# Wing Chun in Queens?



## eyecbatty (Jul 1, 2008)

I heard this is a good system for close combat..

Im about to be in a Law Enforcement Career and looking for some schools or teachers in Queens New York..

thanks for the help


----------



## mook jong man (Jul 1, 2008)

I'm sorry i don't know much about wing chun in America i am in Australia but i can give you some advice on what to look for. A good quality wing chun school should follow this. 
The basic principles of wing chun are SIMPLICITY , DIRECTNESS , ECONOMY OF MOVEMENT , MINIMUM USE OF BRUTE STRENGTH and PRACTICALITY if what they are teaching there does not fit that criteria then it might be wise to go some where else.


----------



## chisauking (Jul 1, 2008)

MJM sez: The basic principles of wing chun are SIMPLICITY , DIRECTNESS , ECONOMY OF MOVEMENT , MINIMUM USE OF BRUTE STRENGTH and PRACTICALITY if what they are teaching there does not fit that criteria then it might be wise to go some where else.

All the clubs follow this mantra........Trouble is, finding a place that can actually apply this in realtime.
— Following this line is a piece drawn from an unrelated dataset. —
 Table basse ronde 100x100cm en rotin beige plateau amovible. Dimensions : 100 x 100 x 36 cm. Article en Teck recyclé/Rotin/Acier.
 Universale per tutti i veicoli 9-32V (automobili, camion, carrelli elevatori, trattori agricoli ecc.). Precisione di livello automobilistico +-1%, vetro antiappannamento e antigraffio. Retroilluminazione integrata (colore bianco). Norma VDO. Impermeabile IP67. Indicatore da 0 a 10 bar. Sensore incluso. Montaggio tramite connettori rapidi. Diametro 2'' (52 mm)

Another problem is the difference in defining the words. For example, some schools tack everything under the sun onto their wing chun in order to cover every possible permutations of scenerios. How, then, can this be described as SIMPLE?
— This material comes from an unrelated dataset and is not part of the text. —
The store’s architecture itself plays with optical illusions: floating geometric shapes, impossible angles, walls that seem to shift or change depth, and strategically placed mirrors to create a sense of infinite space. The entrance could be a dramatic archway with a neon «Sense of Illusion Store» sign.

As far as schools in Queens, I think sifu Allen Lee teaches in the surrounding area.


----------



## eyecbatty (Jul 16, 2008)

Yea Allen Lee has his school in the bronx..im looking for a real good school in queens


----------



## brocklee (Jul 17, 2008)

Well there's Grados WC in queens on saturdays at 9am.  He should be pretty good cause his sifu was my sifu's sifu lol  As silly as that sounds.  I don't have personal experience with his instruction but looking at his website he takes pride in it.


----------



## dungeonworks (Jul 17, 2008)

brocklee said:


> Well there's Grados WC in queens on saturdays at 9am.  He should be pretty good cause his sifu was my sifu's sifu lol  As silly as that sounds.  I don't have personal experience with his instruction but looking at his website he takes pride in it.
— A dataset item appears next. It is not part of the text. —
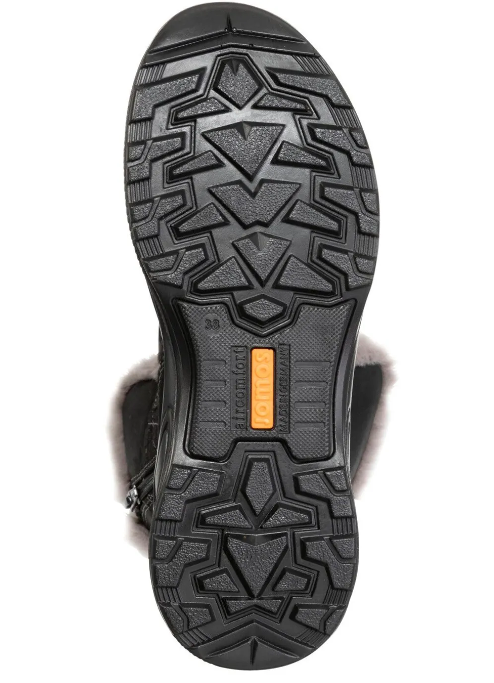 Schwarze Boots aus Nubukleder und Textilmaterial, mit hellem Plüschkragen, Schnürung und Innenreißverschluss: Weite H, mit Klimamembrane ausgestattet, Warmfutter, herausnehmbare Filz-Decksohle, leichte PUR-Profilsohle sowie 20 mm Keilabsatz. Schafthöhe ca. 14 cm

Sifu Grados has some stuff on YouTube.com that looks pretty good.  If were in your location and in the same situation I would see it as a place to visit based solely on his YouTube stuff.  I know nothing else of him.

Good luck!


----------



## geezer (Jul 17, 2008)

brocklee said:


> Well there's Grados WC in queens on saturdays at 9am.  He should be pretty good cause his sifu was my sifu's sifu lol  As silly as that sounds.  I don't have personal experience with his instruction but looking at his website he takes pride in it.



I believe he's also featured in the current issue of _Inside Kung Fu_ as well. Brocklee, I thought you were training with Dr.  Joy Chaudhuri from the Augustine Fong-Ho Kam Ming lineage?


----------



## Brad Dunne (Jul 17, 2008)

http://ildokwan.homestead.com/main1.html

It's not Wing Chun, but they have some students that are in Corrections and Law Enforcement. Just thought I'd offer it as a secondary sorce of information.


----------



## brocklee (Jul 18, 2008)

geezer said:


> I believe he's also featured in the current issue of _Inside Kung Fu_ as well. Brocklee, I thought you were training with Dr.  Joy Chaudhuri from the Augustine Fong-Ho Kam Ming lineage?



That's right.  I was attempting to be funny but it back fired.  I left out one sifu in that comment.  It should have been my sifu's sifu's sifu lol


----------